SameDiff can compute evaluation metrics (accuracy, F1, etc.) automatically at the end of each epoch without writing extra evaluation code.

Specify which output variable and which evaluation to use via `TrainingConfig`:

```java
import org.nd4j.evaluation.classification.Evaluation;
import org.nd4j.evaluation.classification.Evaluation.Metric;

TrainingConfig config = TrainingConfig.builder()
    .updater(new Adam(1e-3))
    .dataSetFeatureMapping("input")
    .dataSetLabelMapping("labels")
    .lossVariables("loss")
    // Evaluate "output" variable against the 0th label array using Accuracy
    .trainEvaluations("output", 0, new Evaluation())
    .build();
```

For validation evaluations, use `.validationEvaluations(...)` instead.

After training, retrieve evaluation results from the `History` object:

```java
History history = sd.fit(trainIter, 10);
Evaluation eval = (Evaluation) history.finalTrainEvaluations().evaluation("output");
System.out.println(eval.stats());
```

Supported evaluation classes include `Evaluation`, `RegressionEvaluation`, `ROC`, `ROCMultiClass`, and others from the `org.nd4j.evaluation` package.

## End-to-End Training Example

The following is a complete example of training a two-layer classifier on MNIST:

```java
import org.nd4j.autodiff.samediff.SameDiff;
import org.nd4j.autodiff.samediff.SDVariable;
import org.nd4j.autodiff.samediff.TrainingConfig;
import org.nd4j.linalg.api.buffer.DataType;
import org.nd4j.linalg.learning.config.Adam;
import org.nd4j.evaluation.classification.Evaluation;
import org.deeplearning4j.datasets.iterator.impl.MnistDataSetIterator;
import org.nd4j.weightinit.impl.XavierInitScheme;

// 1. Build graph
SameDiff sd = SameDiff.create();

SDVariable input  = sd.placeHolder("input",  DataType.FLOAT, -1, 784);
SDVariable labels = sd.placeHolder("labels", DataType.FLOAT, -1, 10);

SDVariable w1 = sd.var("w1", new XavierInitScheme('c', 784, 256), DataType.FLOAT, 784, 256);
SDVariable b1 = sd.var("b1", DataType.FLOAT, 256);
SDVariable w2 = sd.var("w2", new XavierInitScheme('c', 256, 10), DataType.FLOAT, 256, 10);
SDVariable b2 = sd.var("b2", DataType.FLOAT, 10);

SDVariable hidden = sd.nn.relu("hidden", input.mmul(w1).add(b1), 0);
SDVariable logits = hidden.mmul(w2).add(b2);
SDVariable output = sd.nn.softmax("output", logits);
SDVariable loss   = sd.loss.softmaxCrossEntropy("loss", labels, logits, null);

// 2. Configure training
TrainingConfig config = TrainingConfig.builder()
    .updater(new Adam(1e-3))
    .dataSetFeatureMapping("input")
    .dataSetLabelMapping("labels")
    .lossVariables("loss")
    .trainEvaluations("output", 0, new Evaluation())
    .build();

sd.setTrainingConfig(config);

// 3. Load data
MnistDataSetIterator trainIter = new MnistDataSetIterator(64, true,  12345);
MnistDataSetIterator testIter  = new MnistDataSetIterator(64, false, 12345);

// 4. Train
History history = sd.fit()
    .train(trainIter, 10)
    .validate(testIter, 1)
    .execute();

// 5. Report results
System.out.println("Train losses: " + history.trainingLoss().meanLoss());

Evaluation eval = (Evaluation) history.finalTrainEvaluations().evaluation("output");
System.out.println(eval.stats());
```

## Controlling Which Parameters Are Trained

By default, all `VARIABLE`-type `SDVariable` instances in the graph are trained.

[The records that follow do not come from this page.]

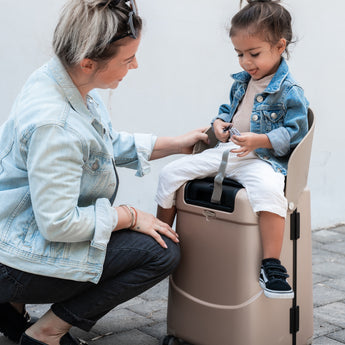 Designed for multi-function travel, the MiaMily luggage bag universally configures into a ride on suitcase for children or a portable seat for adults, allowing your child to quickly and conveniently travel with you on top of the travel suitcase or providing a resting place for adults when standing for long periods of time.
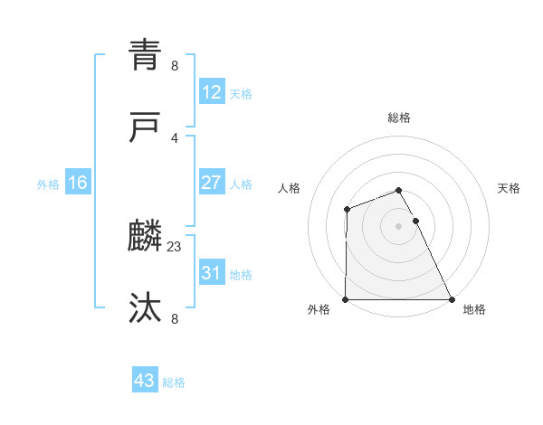 青戸 麟汰さんを姓名の画数から五運を鑑定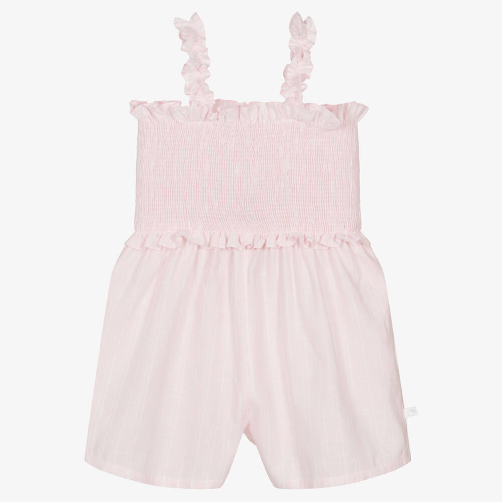Pretty pink playsuit for girls by Portuguese brand Laranjinha, made in a lightweight cotton and linen blend. The material has white stripes for a traditional look and the bodice is shirred for a comfortable fit. For a feminine finish, it has ruffle details on the top.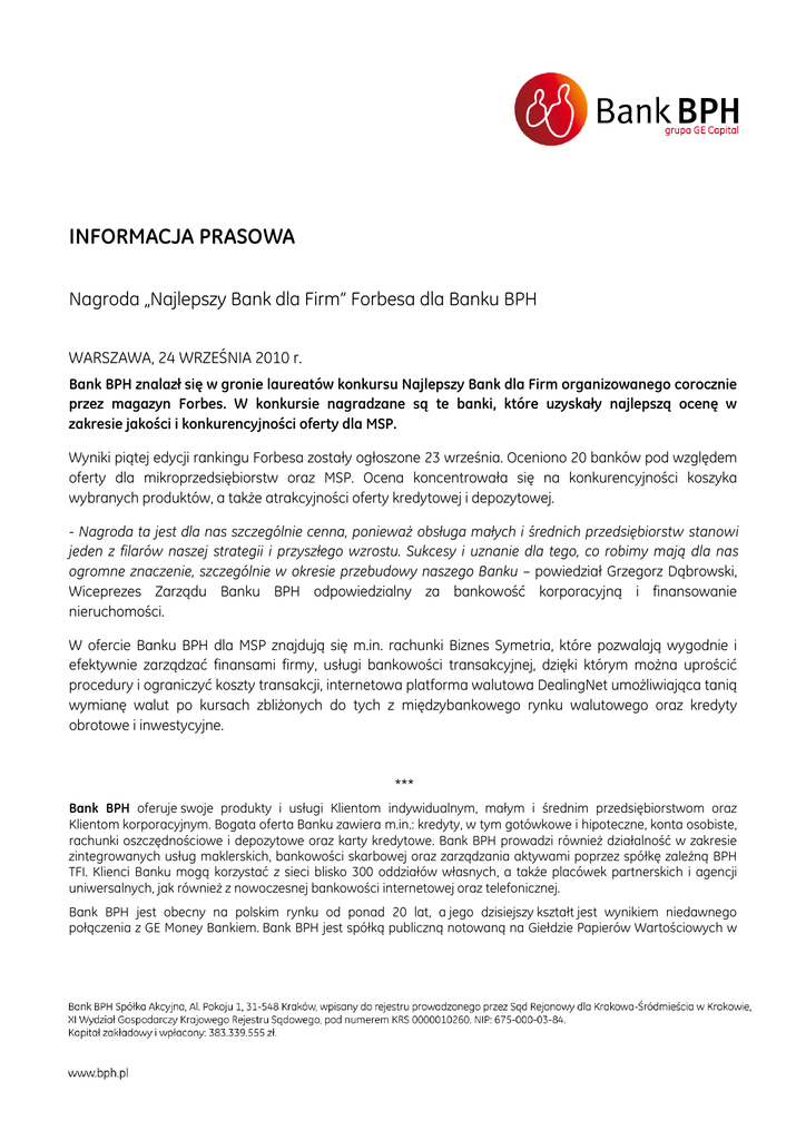 INFORMACJA PRASOWA Nagroda „Najlepszy Bank dla Firm” Forbesa dla Banku BPH WARSZAWA, 24 WRZEŚNIA 2010 r. Bank BPH znalazł się w gronie laureatów konkursu Najlepszy Bank dla Firm organizowanego corocznie przez magazyn Forbes. W konkursie nagradzane są te banki, które uzyskały najlepszą ocenę w zakresie jakości i konkurencyjności oferty dla MSP. Wyniki piątej edycji rankingu Forbesa zostały ogłoszone 23 września. Oceniono 20 banków pod względem oferty dla mikroprzedsiębiorstw oraz MSP. Ocena koncentrowała się na konkurencyjności koszyka wybranych produktów, a także atrakcyjności oferty kredytowej i depozytowej. - Nagroda ta jest dla nas szczególnie cenna, ponieważ obsługa małych i średnich przedsiębiorstw stanowi jeden z filarów naszej strategii i przyszłego wzrostu. Sukcesy i uznanie dla tego, co robimy mają dla nas ogromne znaczenie, szczególnie w okresie przebudowy naszego Banku – powiedział Grzegorz Dąbrowski, Wiceprezes Zarządu Banku BPH odpowiedzialny za bankowość korporacyjną i finansowanie nieruchomości. W ofercie Banku BPH dla MSP znajdują się m.in. rachunki Biznes Symetria, które pozwalają wygodnie i efektywnie zarządzać finansami firmy, usługi bankowości transakcyjnej, dzięki którym można uprościć procedury i ograniczyć koszty transakcji, internetowa platforma walutowa DealingNet umożliwiająca tanią wymianę walut po kursach zbliżonych do tych z międzybankowego rynku walutowego oraz kredyty obrotowe i inwestycyjne. *** Bank BPH oferuje swoje produkty i usługi Klientom indywidualnym, małym i średnim przedsiębiorstwom oraz Klientom korporacyjnym. Bogata oferta Banku zawiera m.in.: kredyty, w tym gotówkowe i hipoteczne, konta osobiste, rachunki oszczędnościowe i depozytowe oraz karty kredytowe. Bank BPH prowadzi również działalność w zakresie zintegrowanych usług maklerskich, bankowości skarbowej oraz zarządzania aktywami poprzez spółkę zależną BPH TFI. Klienci Banku mogą korzystać z sieci blisko 300 oddziałów własnych, a także placówek partnerskich i agencji uniwersalnych, jak również z nowoczesnej bankowości internetowej oraz telefonicznej. Bank BPH jest obecny na polskim rynku od ponad 20 lat, a jego dzisiejszy kształt jest wynikiem niedawnego połączenia z GE Money Bankiem. Bank BPH jest spółką publiczną notowaną na Giełdzie Papierów Wartościowych w Warszawie. Siedzibą prawną Banku BPH jest Kraków, biuro centrali znajduje się w Warszawie, a główne centra operacyjne w Gdańsku i Krakowie. Bank BPH wchodzi w skład grupy kapitałowej GE, jednej z największych korporacji na świecie. Aleksandra Kwiatkowska Rzecznik prasowy Bank BPH e-mail: [email protected]
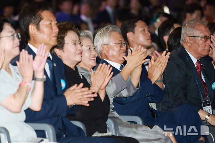 [서울=뉴시스] 고범준 기자 = 문재인 전 대통령, 김정숙 여사, 권양숙 여사, 정청래 더불어민주당 대표 등이 15일 서울 세종대로 광화문광장에서 열린 제21대 대통령 국민임명식 '광복 80년, 국민주권으로 미래를 세우다' 행사에서 공연 관람을 하고 있다. 2025.08.15. [email protected]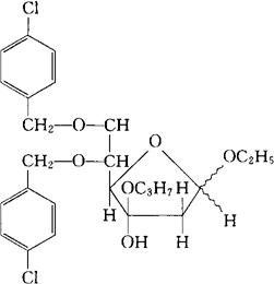 | 释义 | 氯苄苷[中] C25H32Cl2O6=499.43 CAS-29899-95-4 5,6-双-O-(对-氯苄基)-3-O-丙基-D-呋喃葡萄糖苷。 Ethyl5,6-bis-O-(p-chlorobenzyl)-3-O-propyl-Dglucofuranoside. 周围血管扩张药,消炎药。用于慢性静脉功能不全的对症治疗和血栓形成后的综合征。 氯苯西特。 Clobenoside,Ba-43853,Arvigol,Floganol. INN,USAN,MI.

To freeze specific parameters, convert them to constants before calling `fit()`:

```java
// Freeze encoder weights — they will not be updated
sd.convertToConstant(sd.getVariable("encoder_w1"));
sd.convertToConstant(sd.getVariable("encoder_w2"));

// Only decoder weights will be trained
sd.fit(trainIter, 10);
```

To unfreeze later:

```java
sd.convertToVariable(sd.getVariable("encoder_w1"));
```

## Gradient Clipping

Apply gradient clipping globally via the `TrainingConfig`:

```java
TrainingConfig config = TrainingConfig.builder()
    .updater(new Adam(1e-3))
    .dataSetFeatureMapping("input")
    .dataSetLabelMapping("labels")
    .lossVariables("loss")
    .gradientClipping(GradientClipping.ClipL2Norm, 1.0)   // clip gradient L2 norm to 1.0
    .build();
```

Available clipping strategies: `ClipL2Norm`, `ClipElementWiseAbsoluteValue`.